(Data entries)
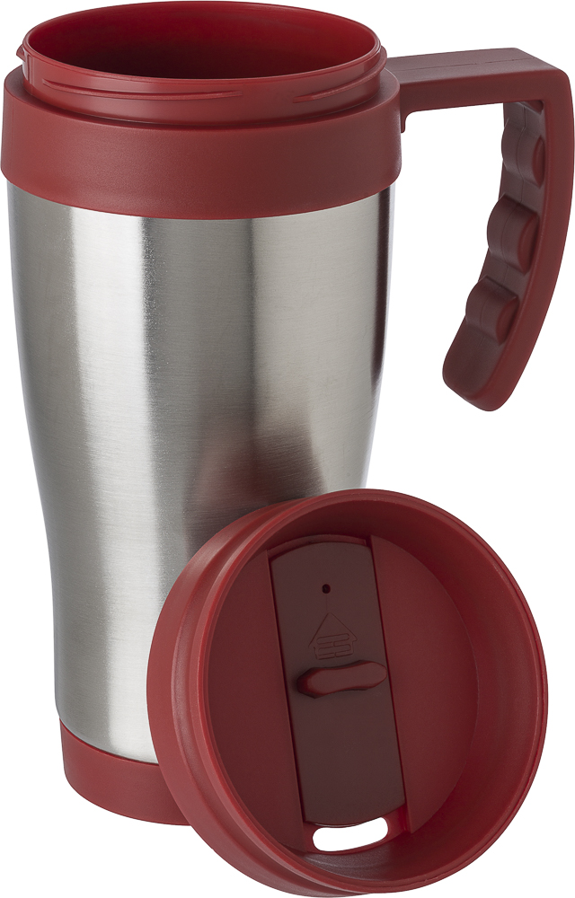 Nerezový cestovní hrnek s plastovým uchem a víčkem, objem 400 ml. Doporučená technologie tisku: laser. Rozměry: O 8,2 x 18 cm.
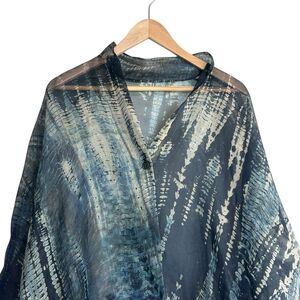 Harari 100% Silk Sheer Poncho Top Blouse Kaftan One Size Blue Black Abstract
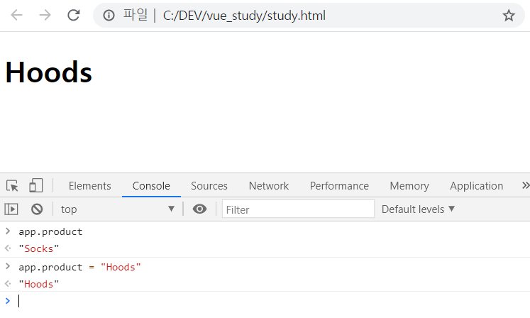 app.product를 입력하면, 기존에 작성했던 Socks를 불러오는 것을 볼 수 있고 이를 변경해서 선언하니 화면에 변경된 product인 Hoods가 뜬다.
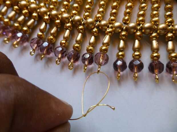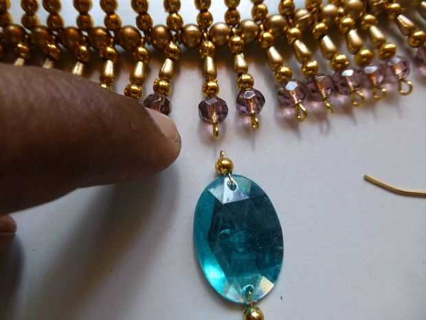 - Coloque una pieza en el ojal inferior del enlace con cuentas cristal pasando el cable por el ojo a la pieza derecha del centro.
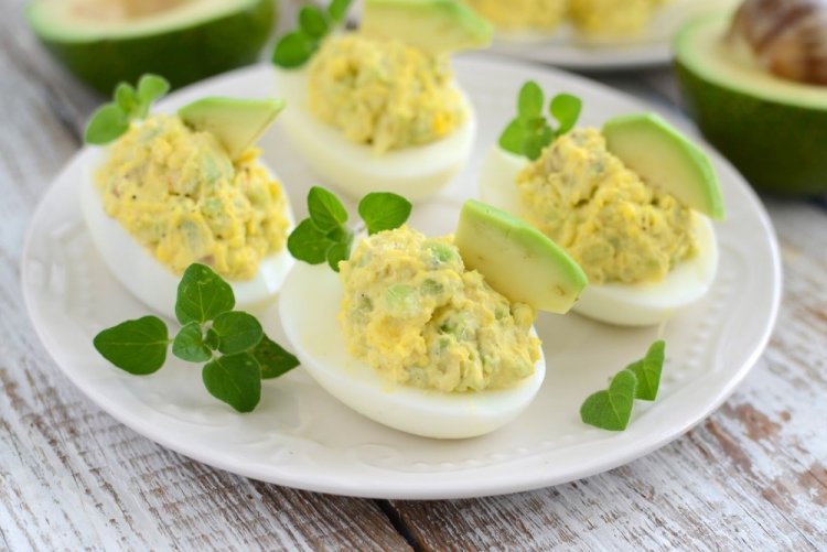 Яйца сварить вкрутую, почистить, разрезать пополам, отделить желтки от белков. К желткам добавить очищенный авокадо, масло, сок лимона, размять вилкой. Добавить в массу натертый сыр, специи и измельченный чеснок, перемешать. Получившейся начинкой нафаршировать половинки белков, украсить зеленью.
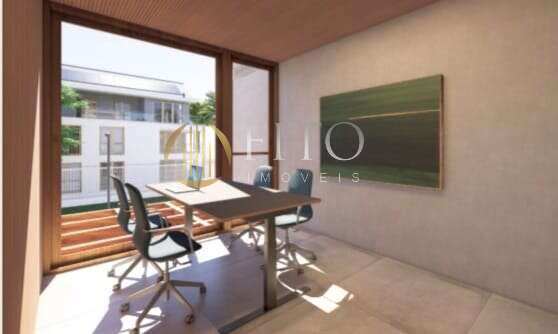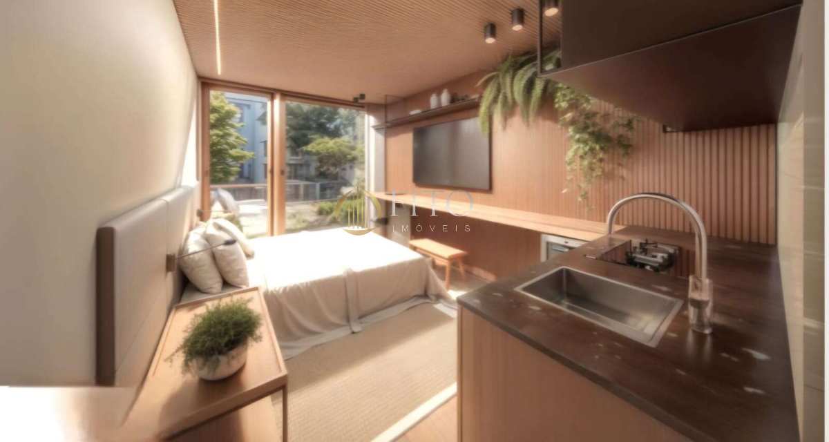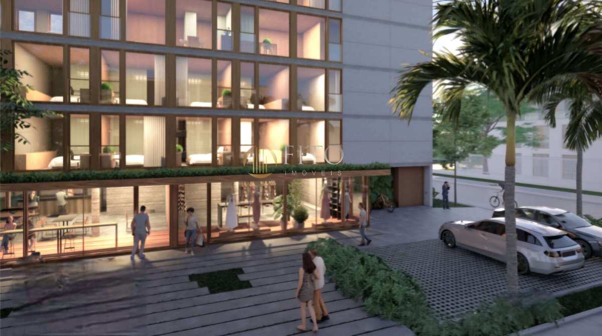 Studio na esquina da Búzios com a Prof. Renato Barbosa, andar alto, mobiliado, face norte com 17,07 m2. Hall de entrada, coworking e piscina com deck. Entrega prevista para agosto/2027.
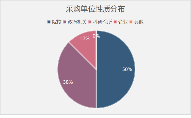 而從采購單位性質來看,院校和政府機關成為2020年電化學分析儀的采購主力軍,分別占比50%和38%,而科研院校占比較少,僅為12%。與往年不同的是,企業在2020全年的電化學分析儀采購中數量為0,較為少見。
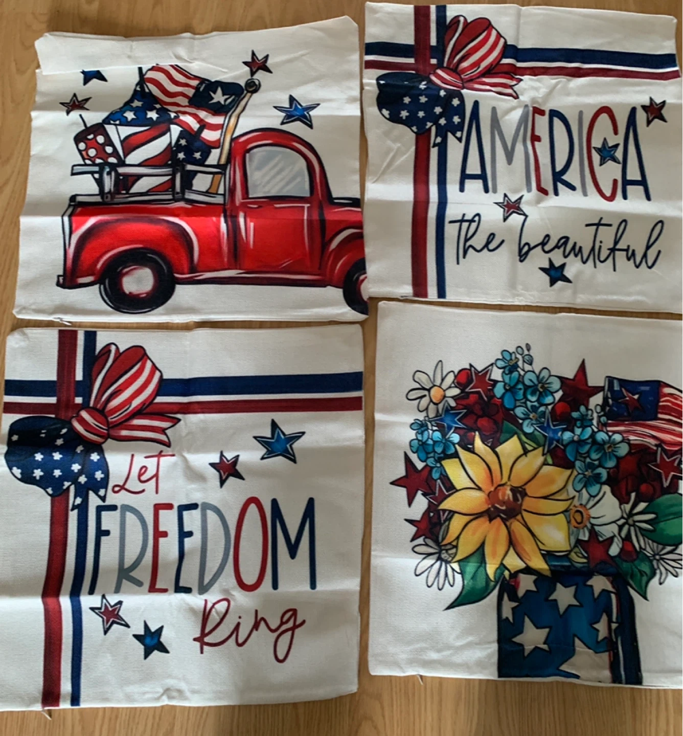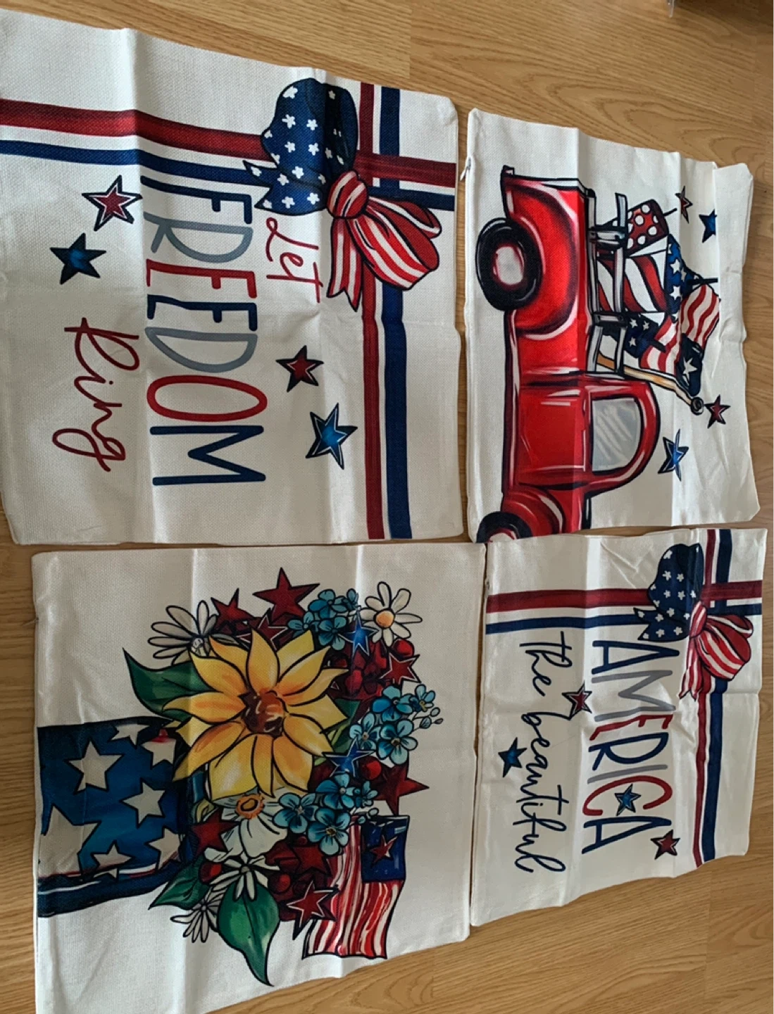 These pillow covers feature vibrant Fourth of July designs with patriotic phrases and imagery. They're made from a durable fabric perfect for indoor or outdoor use. Add some festive flair to your home decor this summer!
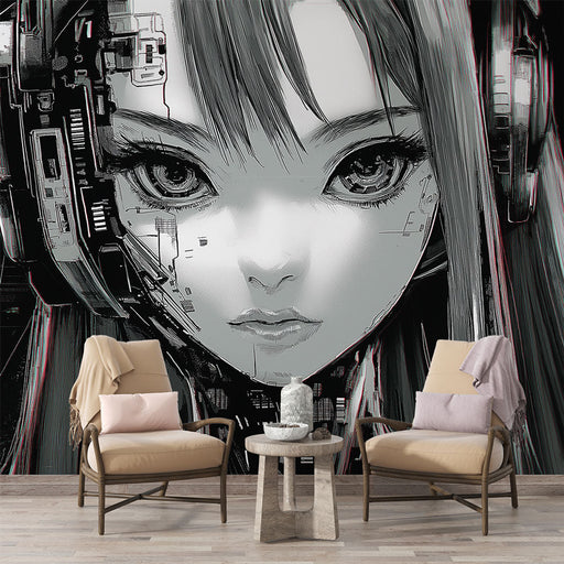 View full detailsMural Wallpaper manga | Futuristic portrait with technological influence

■ TO DO: Copy all the entries above exactly as they stand, except for the pictures.

■ SOLUTION TO THIS TASK:
 Nerezový cestovní hrnek s plastovým uchem a víčkem, objem 400 ml. Doporučená technologie tisku: laser. Rozměry: O 8,2 x 18 cm.
 Harari 100% Silk Sheer Poncho Top Blouse Kaftan One Size Blue Black Abstract
 app.product를 입력하면, 기존에 작성했던 Socks를 불러오는 것을 볼 수 있고 이를 변경해서 선언하니 화면에 변경된 product인 Hoods가 뜬다.
 - Coloque una pieza en el ojal inferior del enlace con cuentas cristal pasando el cable por el ojo a la pieza derecha del centro.
 Яйца сварить вкрутую, почистить, разрезать пополам, отделить желтки от белков. К желткам добавить очищенный авокадо, масло, сок лимона, размять вилкой. Добавить в массу натертый сыр, специи и измельченный чеснок, перемешать. Получившейся начинкой нафаршировать половинки белков, украсить зеленью.
 Studio na esquina da Búzios com a Prof. Renato Barbosa, andar alto, mobiliado, face norte com 17,07 m2. Hall de entrada, coworking e piscina com deck. Entrega prevista para agosto/2027.
 而從采購單位性質來看,院校和政府機關成為2020年電化學分析儀的采購主力軍,分別占比50%和38%,而科研院校占比較少,僅為12%。與往年不同的是,企業在2020全年的電化學分析儀采購中數量為0,較為少見。
 These pillow covers feature vibrant Fourth of July designs with patriotic phrases and imagery. They're made from a durable fabric perfect for indoor or outdoor use. Add some festive flair to your home decor this summer!
 View full detailsMural Wallpaper manga | Futuristic portrait with technological influence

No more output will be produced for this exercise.